The library director is also battling to have the Pechersk raion administration at least offer the library a substitute facility, which she said state law requires. She noted, however, that raion officials have explained to her that the law does not apply in this case because the raion was taking the building back after a lapse of the lease, in line with current legal procedures, and not simply to convert it to other use.

Kostiantyn Brychuk, the press secretary for Mr. Kovalenko, the head of the Pechersk Raion state administration, faxed The Weekly responses to questions submitted on the matter in which he explained that ever since the lease was signed between the library and Pechersk Zhytlo, the library often had failed to pay the monthly rent and had at times run up considerable debts. He also asserted that the library was falling into disuse and decline.

"Many reviews by officials of the raion state administration showed that the library was not purchasing new periodicals, that it was not organizing programs for youth and for the residents of the micro-raion and that the library was not being utilized," explained Mr. Brychuk.

Looking for support in her battle with the raion authorities, Ms. Soroka sent letters to National Deputy Taniuk, National Deputy Stanislav Stashevskyi, who represents the parliamentary district in which the library is located, Mayor Omelchenko, Vice Prime Minister Tabachnyk, Minister of Culture Oleksander Bohutskyi, and Oleksander Afonin, director of the Ukrainian Publishers and Booksellers Association.
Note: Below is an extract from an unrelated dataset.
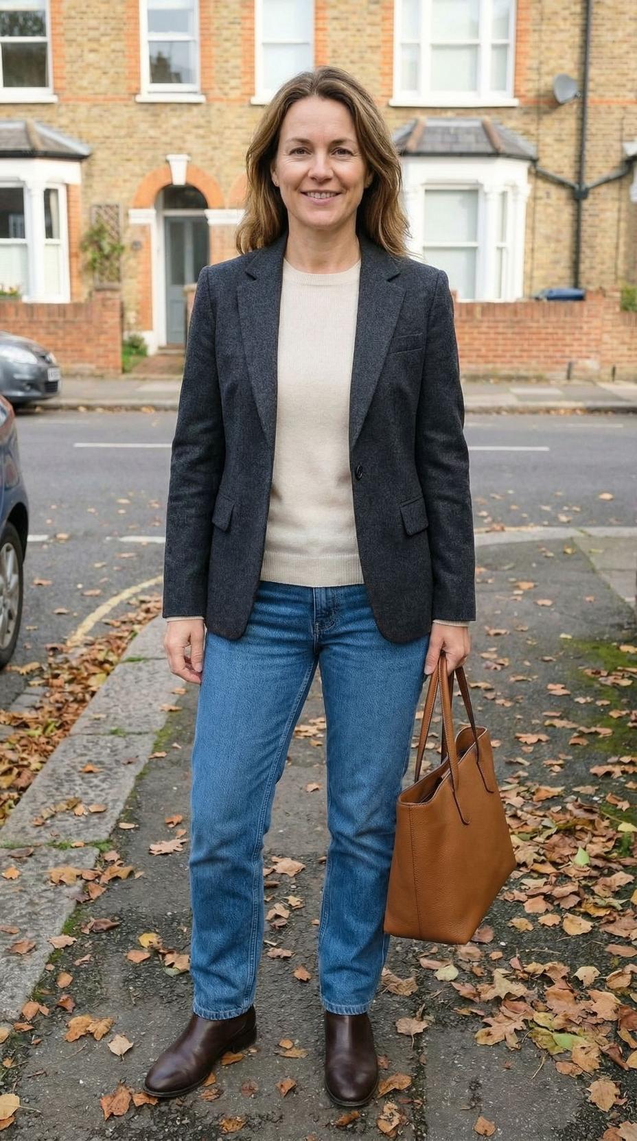 This ensemble perfectly embodies the elevated casual look that every sophisticated woman should master. The combination of a structured charcoal blazer with relaxed denim creates an effortless balance between polished and approachable. The neutral cream sweater serves as the perfect bridge between the tailored outerwear and casual bottoms, while the rich cognac leather accessories add warmth and luxury to the overall look. This outfit demonstrates how to look put-together for everything from coffee dates to casual Friday at the office, proving that elegance doesn’t require formal wear.

The only support she received in her quest for justice was in a letter from Mr. Taniuk to Mr. Omelchenko requesting an explanation of the problem and resolution of the situation in the library's favor, and a letter by Mr. Afonin to President Kuchma regarding the ironic displacement of the library during the Year of Culture.

Mr. Afonin received a reply to his correspondence, but not from a presidential administration representative. It was the Pechersk Raion deputy chairman, who called to ask what possible interest could the head of a publishing and bookselling association have in a library problem.